━━━ Provided entries

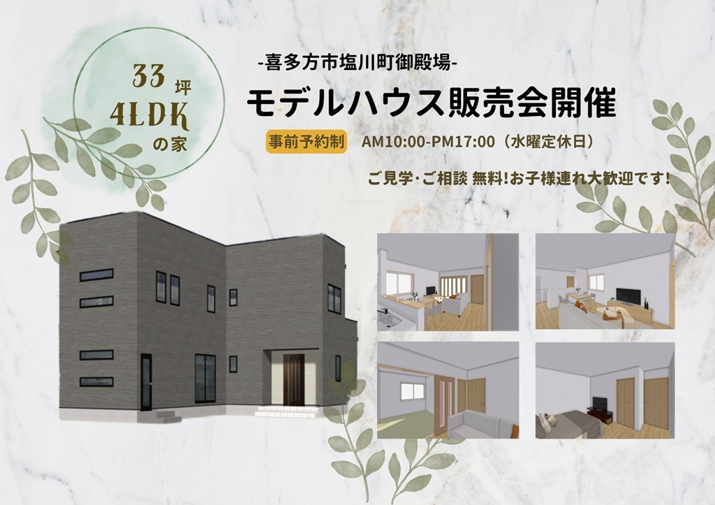 【喜多方市塩川町御殿場】新築モデルハウス 販売予約開始!
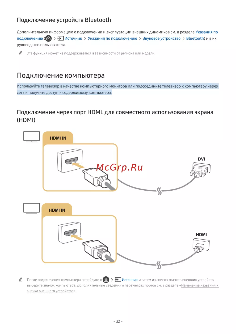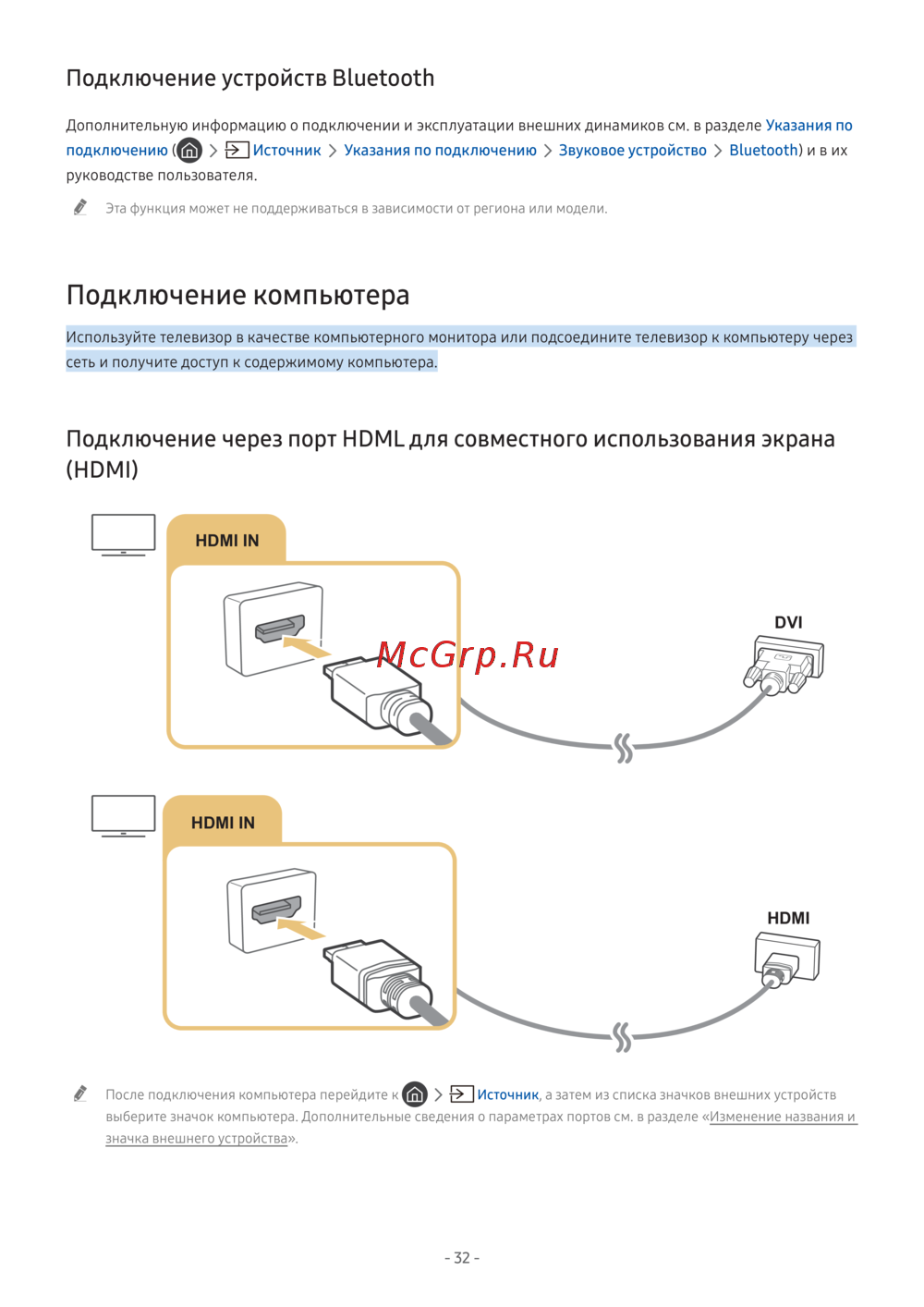 Samsung UE65NU7400U — подключение Bluetooth и компьютера к телевизору: полное руководство [32/188]
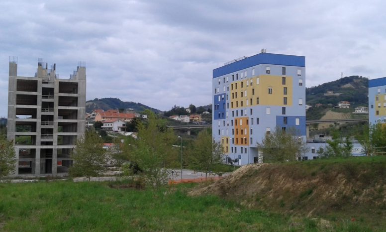 Lo scheletro di una palazzina di nuova costruzione fa bella mostra di se a pochi passi dal Campus dell’Università “G. d’Annunzio” a Chieti.
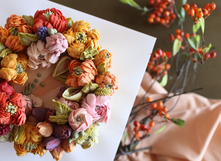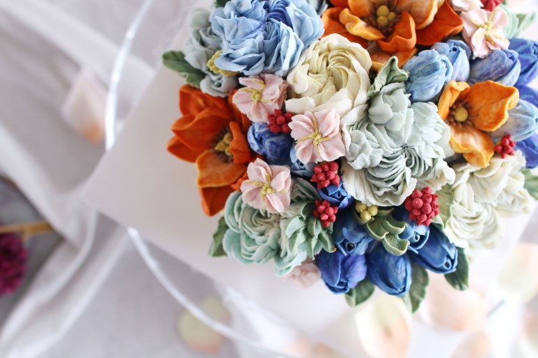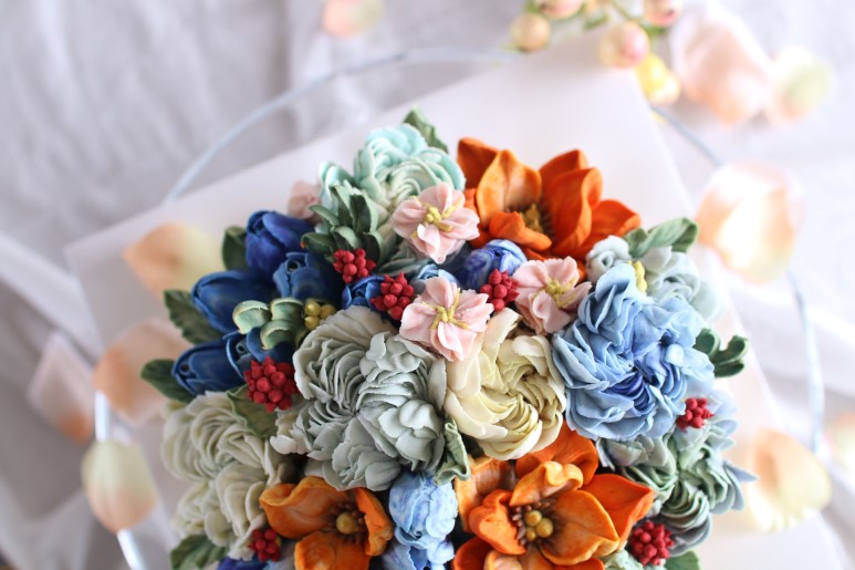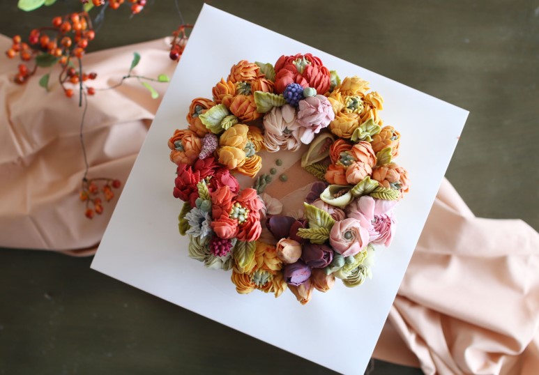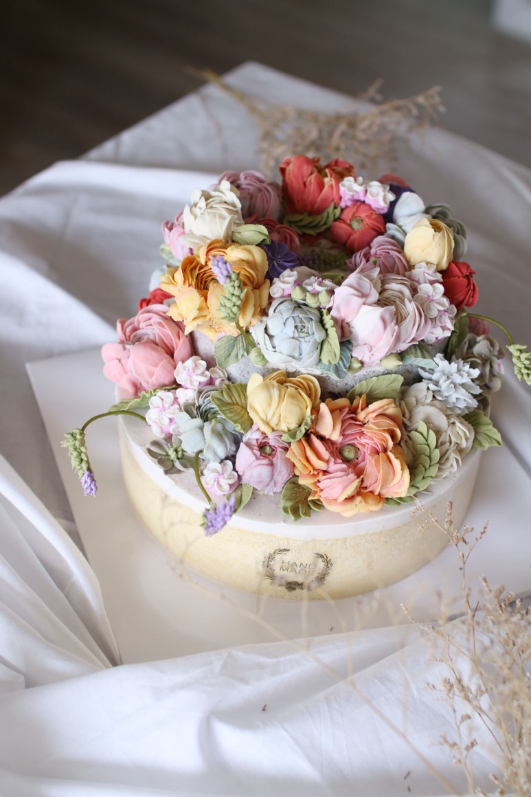 제작 부탁을 받을 때는 러넌큘러스, 작약을 많이 올린다.
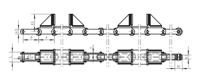 Pitch P (mm) | Inner width of inner link b1 (mm) | Diameter of roller d1 (mm) | Diameter of pin d2 (mm) | Length of pin L (mm) | Height of sidebar h2 (mm) | Thickness of sidebar T (mm) | Width of attached plate H2 (mm) | Tensile strength Q (KN) |
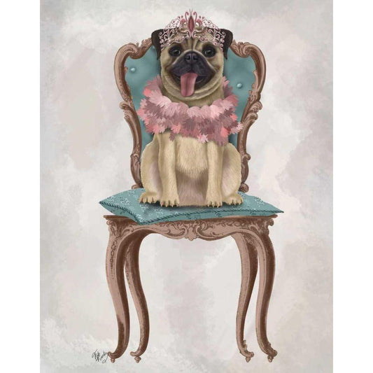 Pug Princess on Chair Black Modern Wood Framed Art Print with Double Matting by Fab Funky
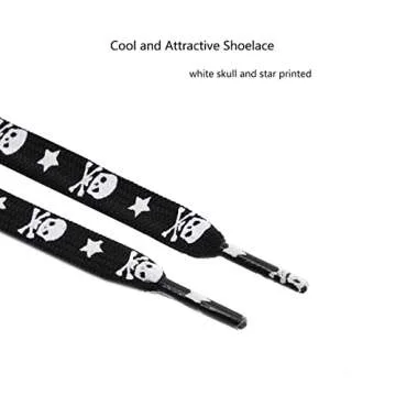 Show more Introducing the Yichain 48'' Flat Fun Printed Shoe Laces—a stylish and practical accessory for your footwear collection. Crafted from 100% premium polyester, these shoelaces are not only visually appealing with their unique black design featuring white skull and star prints, but they are also designed to be durable and reliable. Spanning 48 inches in length and a comfortable 0.4 inches in width, they are perfectly sized for adult sneakers and boots, making them a versatile choice for your everyday wear.
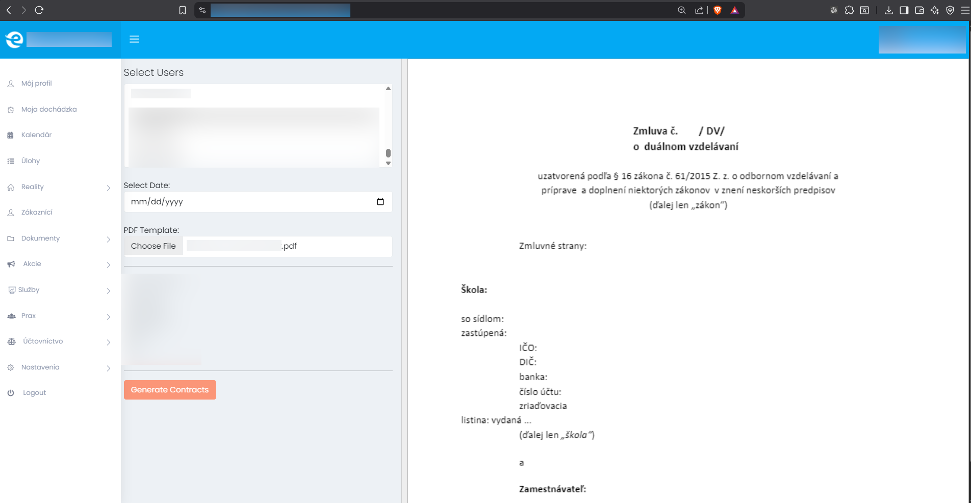 A rendszer célja, hogy vállalkozások számára a dokumentumok és szerződések előállítása ne manuális feladat legyen, hanem strukturáltan és automatizáltan, egységes sablonok alapján történjen. Ehhez olyan admin felületek készültek, amelyek az alkalmazotti nyilvántartást és a számlázási–fizetési folyamatokat is átláthatóan kezelik. A megbízható működés érdekében továbbfejlesztett jogosultság- és role menedzsment, adatbázis-optimalizálás és adattömörítés került bevezetésre a teljesítmény és a költséghatékonyság javítására. A háttérfolyamatok automatizálását ütemezett CRON-jobok és agentek biztosítják, amelyek különböző munkamenetekben futtatják a szükséges feladatokat.
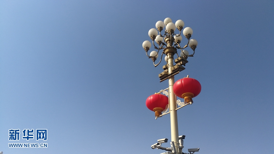 2018年2月15日,天安門廣場外的燈柱用紅燈籠裝飾一新,喜迎農(nóng)歷新年。紅色代表著喜慶、熱鬧、祥和,是中國人最為崇尚的吉祥之色。新年來臨,中國紅無處不在,到處都洋溢著喜氣洋洋的節(jié)日氣氛。新華網(wǎng) 張明宇攝

━━━━━━

What the task requires:
Your answer is the exact run of lines above from the one with "Show more Introducing" through the one with "A rendszer célja, hogy", both ends included, minus any picture.

Reply:
 Show more Introducing the Yichain 48'' Flat Fun Printed Shoe Laces—a stylish and practical accessory for your footwear collection. Crafted from 100% premium polyester, these shoelaces are not only visually appealing with their unique black design featuring white skull and star prints, but they are also designed to be durable and reliable. Spanning 48 inches in length and a comfortable 0.4 inches in width, they are perfectly sized for adult sneakers and boots, making them a versatile choice for your everyday wear.
 A rendszer célja, hogy vállalkozások számára a dokumentumok és szerződések előállítása ne manuális feladat legyen, hanem strukturáltan és automatizáltan, egységes sablonok alapján történjen. Ehhez olyan admin felületek készültek, amelyek az alkalmazotti nyilvántartást és a számlázási–fizetési folyamatokat is átláthatóan kezelik. A megbízható működés érdekében továbbfejlesztett jogosultság- és role menedzsment, adatbázis-optimalizálás és adattömörítés került bevezetésre a teljesítmény és a költséghatékonyság javítására. A háttérfolyamatok automatizálását ütemezett CRON-jobok és agentek biztosítják, amelyek különböző munkamenetekben futtatják a szükséges feladatokat.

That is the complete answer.